Der Kläger verfolgt einen Anspruch gegen die mit ihm verheiratete Beklagte, der jedenfalls nach dem zu berücksichtigenden Vortrag der Beklagten im Zusammenhang mit der Trennung steht. Für die Prüfung, ob der zur Entscheidung anstehende Verfahrensgegenstand eine bürgerlich-rechtliche Streitigkeit oder eine Familiensache i.S.d. § 17 a Abs. 6 GVG darstellt, kommt es nämlich nicht allein auf den klägerischen Vortrag, sondern ebenfalls auf das Verteidigungsvorbringen der Beklagtenseite an (BGH, Beschl. v. 10.7.2024 - XII ZR 63/23.
Die Auffassung des LG, eine Zuständigkeit des Familiengerichts nach § 266 Abs. 1 Ziffer 3 FamFG sei bereits deshalb nicht gegeben, weil die Parteien zum Zeitpunkt der Zahlung des streitgegenständlichen Geldbetrages durch den Kläger an die Beklagte noch nicht miteinander verheiratet waren, traf somit nicht zu.

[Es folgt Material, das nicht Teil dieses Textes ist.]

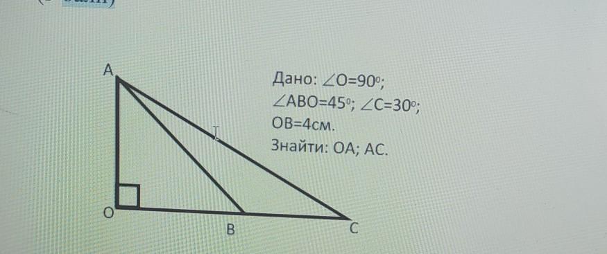АО=4= ОВ, бо кут ОАВ= 45 тр АОВ (рівнобедрений трикутник)
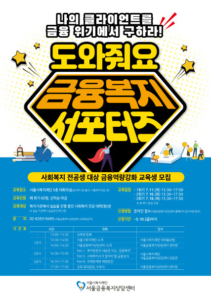서울시복지재단內 서울금융복지상담센터는 11일부터 3회에 걸쳐 ‘나의 클라이언트를 금융위기에서 구하라’를 주제로 복지관 하계 실습생에게 금융역량 강화를 골자로 한 금융복지 교육을 진행한다고 밝혔다.

Denn § 266 Abs. 1 Nr. 3 FamFG beschränkt die verfolgten Ansprüche ausdrücklich nicht auf solche aus der Ehezeit. Sofern ein Zusammenhang mit Trennung, Scheidung oder Aufhebung einer Ehe besteht, ist es unschädlich, dass das Verfahren ausschließlich Vorgänge, wie etwa Zuwendungen, sonstige Rechtsgeschäfte oder Handlungen vor der Eheschließung betrifft, dies gilt auch, wenn zwischen den späteren Ehegatten vor der Eheschließung eine nichteheliche Lebensgemeinschaft bestand.

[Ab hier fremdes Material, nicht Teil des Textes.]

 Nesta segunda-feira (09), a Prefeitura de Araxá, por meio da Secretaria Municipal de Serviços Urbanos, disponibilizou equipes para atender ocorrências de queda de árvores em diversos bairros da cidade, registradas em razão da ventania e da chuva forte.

Der (missverständlichen) vom LG herangezogenen Kommentierung in Zöller-Feskorn, 35. Auflage, § 266 FamFG, Rdn. 16, der Anspruch bzw. das materiell-rechtliche Rechtsverhältnis müsse zwischen den in Nr. 3 genannten Personen zum Zeitpunkt seiner Entstehung bestanden haben, folgt der Senat nicht. Erforderlich ist nur der Zusammenhang mit der Trennung oder Scheidung. Der Zusammenhang mit der Beendigung der ehelichen Lebensgemeinschaft liegt vor, wenn der Rechtsstreit durch die familienrechtlichen Verhältnisse nicht unwesentlich mitgeprägt ist. Der erforderliche inhaltliche Zusammenhang kann rechtlicher oder wirtschaftlicher Art sein und ist vor allem bei naheliegenden und häufig vorkommenden Folgen oder Begleiterscheinungen der Beendigung einer Ehe gegeben. Insoweit ist das Tatbestandsmerkmal "im Zusammenhang mit der Trennung oder Scheidung" weit auszulegen.